Main Findings and Results
- Enhanced Programming Skills: LLMs trained on code exhibit superior programming proficiency, capable of generating complex code snippets across multiple languages. This capability extends their utility to applications such as database management, embedded control, and software development.
- Improved Reasoning Abilities: The structured nature of code enhances LLMs' reasoning skills, particularly in tasks requiring chain-of-thought (CoT) processing. LLMs demonstrate improved accuracy in solving mathematical problems and generating logical sequences.
- Structured Knowledge Capture: Code-based training enables LLMs to better capture and reason about structured knowledge, outperforming traditional models in tasks involving graphs, tables, and charts.
- Seamless Integration with Tools: The code-centric paradigm allows LLMs to dynamically generate tokens that invoke external tools and APIs, enhancing their flexibility and scalability in interacting with diverse functional ends.

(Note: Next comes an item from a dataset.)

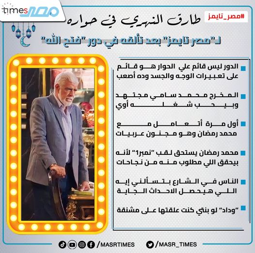 طارق النهري في حوار لـ"مصر تايمز": "فتح الله" مش بيتكلم أكتر ماهو بيعبر بوشه.. أول مرة أتعامل مع محمد رمضان وهو مجنون عربيات.. ويستحق لقب "نمبر1".. المخرج محمد سامي محرقش أحداث المسلسل

Implications and Applications
The implications of these findings are profound, paving the way for LLMs to function as intelligent agents in real-world scenarios:
- Decision-Making: LLMs can now perceive and process structured environmental data, making informed decisions and planning complex tasks with precision.
- Execution and Action Grounding: By generating formalized function calls, LLMs can execute actions in dynamic environments, such as robotics and autonomous systems, without additional grounding modules.
- Self-Improvement through Feedback: Embedded in a code execution environment, LLMs receive automated feedback, enabling them to self-correct and enhance their performance over time.
Conclusion
The integration of code into LLM training is not just a technical enhancement; it's a paradigm shift in how these models interact with the world.
As LLMs continue to evolve into intelligent agents, their ability to reason, plan, and act autonomously will redefine the boundaries of artificial intelligence.
While challenges remain, particularly in seamlessly integrating LLMs with diverse tools and environments, the journey of LLMs empowered by code is just beginning.
As we look to the future, the potential applications of these intelligent agents in fields like autonomous driving, smart manufacturing, and scientific research are both exciting and limitless.